While the announcement shows the company beginning to heed the call to #KeepItInTheGround, “the fact that BP’s new commitment represents a major step up in ambition compared to other oil and gas majors only underscores how far behind the entire sector is in acknowledging climate reality. BP has changed the game, but in a league with zero climate credibility,” Trout said.
Now, she added, “BP must take responsibility for Rosneft, for all of the carbon it invests in extracting, to legitimately claim to achieve a 40% reduction by 2030. BP must also stop investing in any new oil and gas, whilst ensuring a just transition for its workers and the communities affected by its polluting projects.”

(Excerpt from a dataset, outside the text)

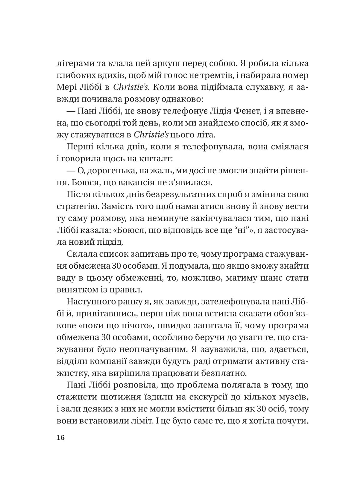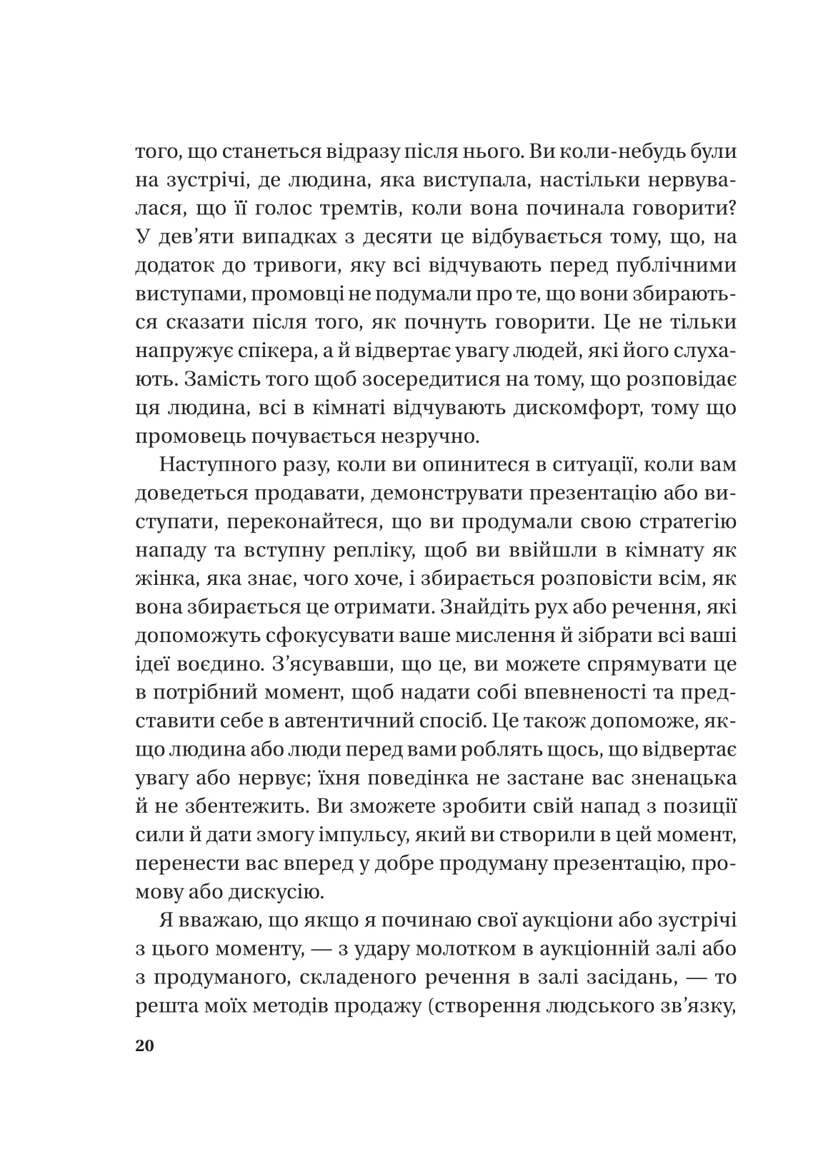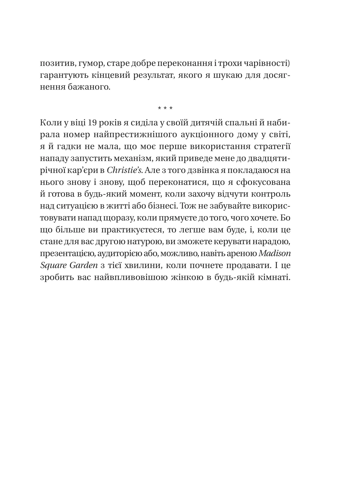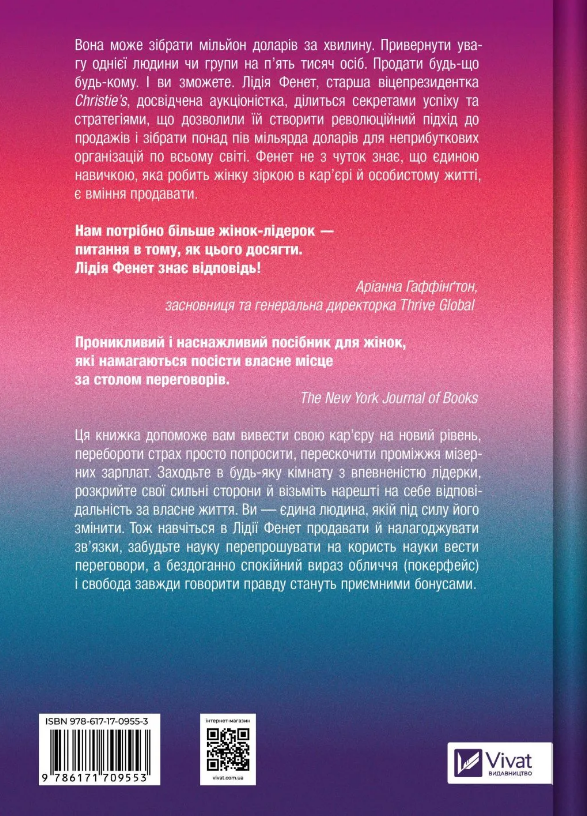 Ця книжка допоможе вам вивести свою кар’єру на новий рівень, перебороти страх просто попросити, перескочити проміжжя мізерних зарплат. Заходьте в будь-яку кімнату з впевненістю лідерки, розкрийте свої сильні сторони й візьміть нарешті на себе відповідальність за власне життя. Ви — єдина людина, якій під силу його змінити. Тож навчіться продавати й налагоджувати зв’язки в Лідії Фенет, забудьте науку перепрошувати на користь науки вести переговори, а бездоганно спокійний вираз обличчя (покерфейс) і свобода завжди говорити правду стануть приємними бонусами.

Bloomberg says BP CEO Looney “is taking the opportunity presented by the virus to speed up the changes he needs to make to fulfill his vision of a low-carbon future. But the company went into the crisis with high debt and hefty payouts—it even increased the dividend for the fourth quarter—meaning more pain now.” But investors were apparently poised for this week’s dividend cut—the news agency says BP’s share value rose by up to 8.3% yesterday.
“This strategic shift is encouraging—much more clarity, apparently not sacrificing returns,” wrote Stuart Joyner, an oil and gas analyst at Redburn (Europe) Ltd. who previously warned investors against buying shares in Big Oil. “Rather, accelerating uncertainty means the sector’s cost of capital will rise further, perpetuating the derating,” he said in September 2019.
Now, he said in an investment note this week, BP is “making proper progress towards pleasing ESG investors” as the “journey unfolds towards a higher-rated, lower-geared company.”